Hi folks,

A while ago I started writing a unit testing library called Fact that
was a cross between Haskell's QuickCheck, and Ruby's RSpec. I've done
a lot of work with it, and some people might conceivably be interested
in how I got on with it, so this post is to chart what I found whilst
playing around with Fact.

I had two basic ideas for Fact. The first was to allow tests to be
labelled with a string, rather than with a symbol:

(fact "One plus one equals two" []
  (= (+ 1 1) 2))

This seemed like a good idea, but it turned out to have some problems.
Plain-English descriptions tend to change around more than symbols, so
aren't very good at uniquely identifying an object. To get around
this, I used gensym to create a random symbol to use as an identifier,
but this broke namespace reloading, as each time the file was loaded,
it generated completely new symbols.

So in retrospect, labelling tests with strings turned out to be a bit
more trouble than it was worth.

The second major idea for Fact was to make it simple to generate large
amounts of random test data, and to apply this data to a single
predicate or 'fact':

(fact "x + y > x if x > 0"
  [x (random-int)
   y (random-int)]
  (if (> x 0) (> (+ x y) x)))

The above syntax generates a list of random numbers and applies them
to the bottom predicate. This makes it pretty simple to test
predicates with large amounts of data.

This seemed like an interesting idea, so I used Fact to unit test my
web framework, to see how it would work in practise. It turned out
that it worked quite well for functions that manipulated simple data
structures, like numbers or strings, and less well for functions that
manipulated more complex arrangements of maps and vectors.

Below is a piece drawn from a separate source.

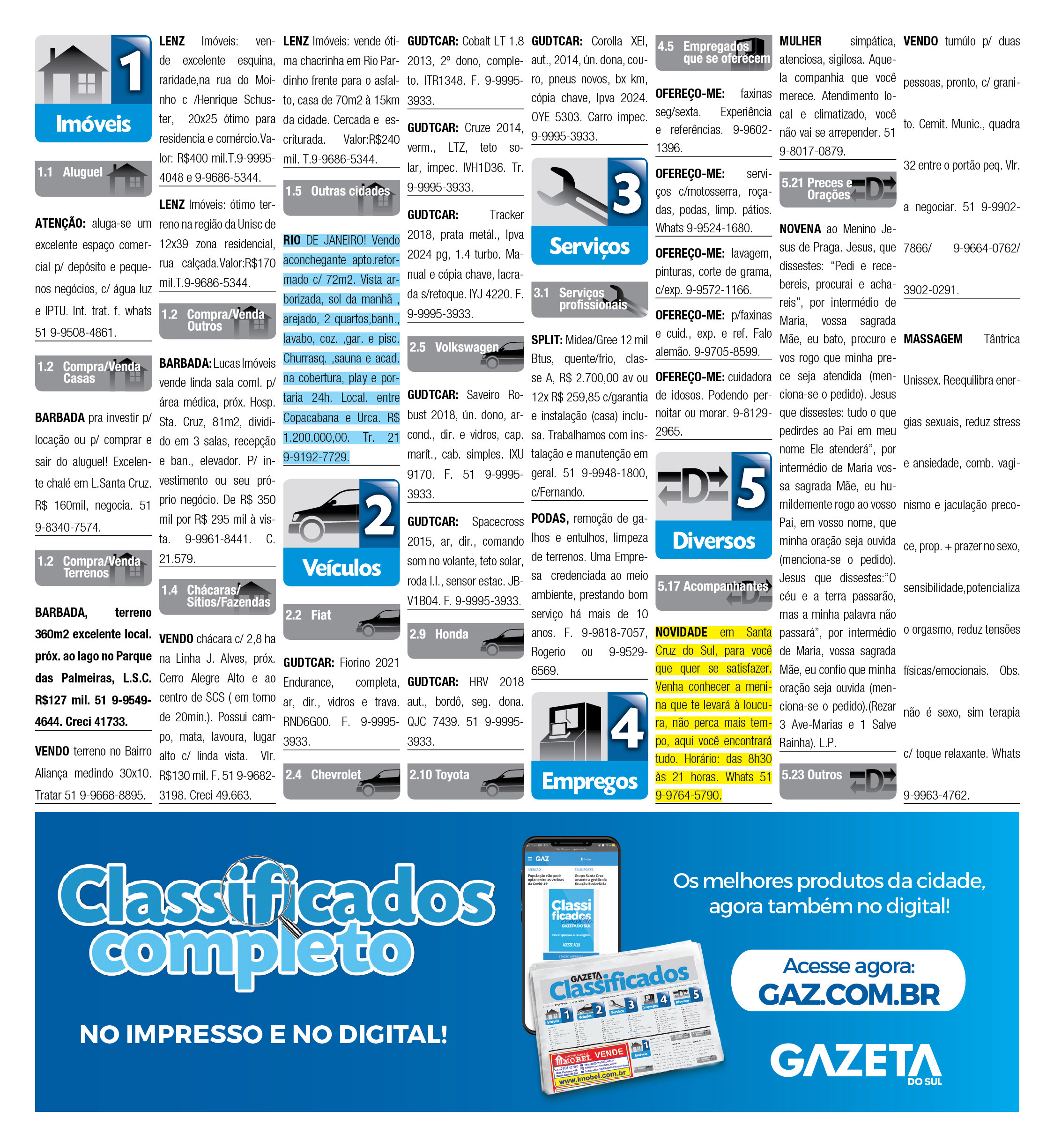 O suplemento de Classificados, que circula nas edições de terças, quintas e sábados, é um dos mais tradicionais da Gazeta do Sul, como vitrine e canal de negócios, de oferta, compra e venda em toda a região central do Rio Grande do Sul. E, para enriquecer pesquisas de produtos e serviços e possibilitar resultado ainda melhor a usuários e parceiros, nos anúncios de clientes cadastrados, o leitor tem acesso direto com link ao site do anunciante, onde poderá verificar mais detalhes sobre os itens. Confira as ofertas:

The problem with this is that functions that manipulate simple data
tend to be quite easy to test, anyway. A few carefully chosen points
of test data can vastly reduce the probability the function is
incorrect. And when your input data becomes more complex, and thus
more prone to error, creating a function to randomly generate this
complex data becomes difficult enough that I started to find myself
avoiding writing tests for these complex cases.

So I decided to rewrite my unit tests using test-is. Symbols aren't as
descriptive as strings, but they have the advantage of being able to
be reloaded easily, so I could run a Nailgun server for seriously
quick unit tests. Since I wasn't generating all that random data any
more, my tests ran several orders of magnitude faster - down from half
a minute to under half a second. I also found that my tests were
easier to write, with only a few exceptions.

My conclusion is that automatically generated test data is probably
more trouble than it's worth in most cases. I'm going to keep Fact
around in case anyone wants to play with it, but I think I'll wind up
the experiment and mark it down as a lesson learned.